Your expertise (must have)
- Fresh graduate or < 1 year of relevant experience (internships, projects, or part-time roles count).
- Solid SQL fundamentals (joins, aggregations, basic window functions).
- One programming language for analysis (preferably Python) with basic skills in:
- Data manipulation (tables/dataframes)
- Basic statistics (distributions, sampling intuition, confidence basics)
- Strong analytical thinking:
- Ability to define a problem, form hypotheses, validate data, and explain results.
- Strong attention to detail and commitment to accurate, reliable outputs.
- Ability to work effectively in a team-oriented environment.
Nice to have
- Exposure to data modeling concepts (star schema, slowly changing dimensions, metrics definition).
- Familiarity with modern analytics stacks (dbt, BigQuery, Snowflake, Looker, PowerBI, Tableau) through coursework or projects.
- Experience creating AI-ready data assets (clean semantic layers, metric definitions, data contracts, documentation, and evaluation or sanity-check checklists) is a plus.
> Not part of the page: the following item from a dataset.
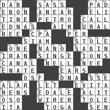 ACROSS 1. Pat or tap gently 4. Backtalk 8. Writing tablet 11. Inky black, to poets 13. Approach 15. Biblical high priest 16. Prong on a fork 17. Stone: prefix 18. Give a ring to 19. Ferber et al. 21. Direct toward a target or goal 22. Mountain range 23. Portuguese money of account (variant) 24. Accounting whiz (abbr.) 27. For each 29. Thailand, formerly 30. Took without asking 34. Single 36. Billionth: prefix 39. Unit of acoustic absorption 40. SW Asia republic 41. Burn superficially 43. Charged atoms 44. Lessep's creation 46. 1994 drama film starring Jodie Foster 47. Born 48. Related on the mother's side 49. Hearing organs 51. Order of Saint Francis (abbr.) 53. Heredity factor (abbr.) 54. Compass dir. 57. Having or resembling wings 60. Allow 63. Webber/Rice musical 65. Not women's 66. Peak District village in England 69. Came down and settled, as after flight 70. Bear (Spanish) 71. One who wires 72. Lacquered or enameled metalware 73. Call ___ day 74. Ancient Roman robe 75. Elected rep. DOWN 1. Prevent from occurring 2. Stay 3. Child's nurse 4. Plant excrement 5. One (Scot) 6. Stalk of a moss capsule 7. Indian skirt 8. Lightbulb-shaped fruit 9. Silent film actress Nazimova 10. Deli pickle 12. Teachers' org. 14. Frolic 18. Window treatments 20. _-fi 25. Baking dishes 26. With great haste 28. Double-curved letter 29. Legislators 31. Mitch Miller's instrument 32. Actor's bit 33. Followers of ems 34. NW Algerian seaport 35. Nanny 37. Compass dir. 38. Stared 40. Frozen water 42. Flair 45. French article 50. Actress Charlotte 52. Soared 54. Grain storage towers 55. Vertical member of a panel or frame 56. Consumed 57. Mine, in Marseilles 58. For fear that 59. Small Philippine buffalo 61. Prepare for publication 62. Edible starchy tuberous root 64. Large container 67. Part of a journey 68. Epoch
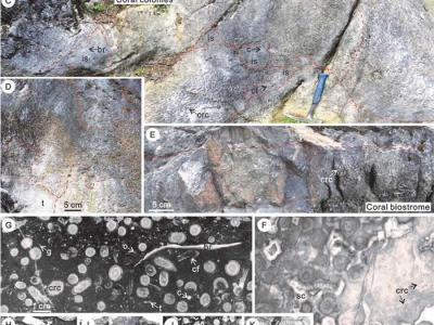 华南密西西比亚纪维宪晚期珊瑚礁野外(A-E)、光面(F-G)和薄片(H-P)图片全球其...

- Experience using AI assistants responsibly to accelerate analysis or analytics engineering work (for example, SQL drafting, code scaffolding, documentation).
- Experience with version control (Git) or basic software engineering practices.
- Understanding of event tracking and product analytics (funnels, cohorts, retention).
- Knowledge of responsible data handling (PII basics, access controls, safe sharing).
What success looks like
- You can independently produce a well-structured analysis with clear assumptions and validation steps.
- You contribute at least one reliable dataset or transformation that becomes a shared building block for analytics.
- Stakeholders can answer more questions with self-serve and AI-assisted exploration, with less back-and-forth.
- A key dataset or metric you built becomes usable through AI tools with consistent answers (validated against a source-of-truth definition).
- You can spot when results look off, debug quickly, and explain the root cause.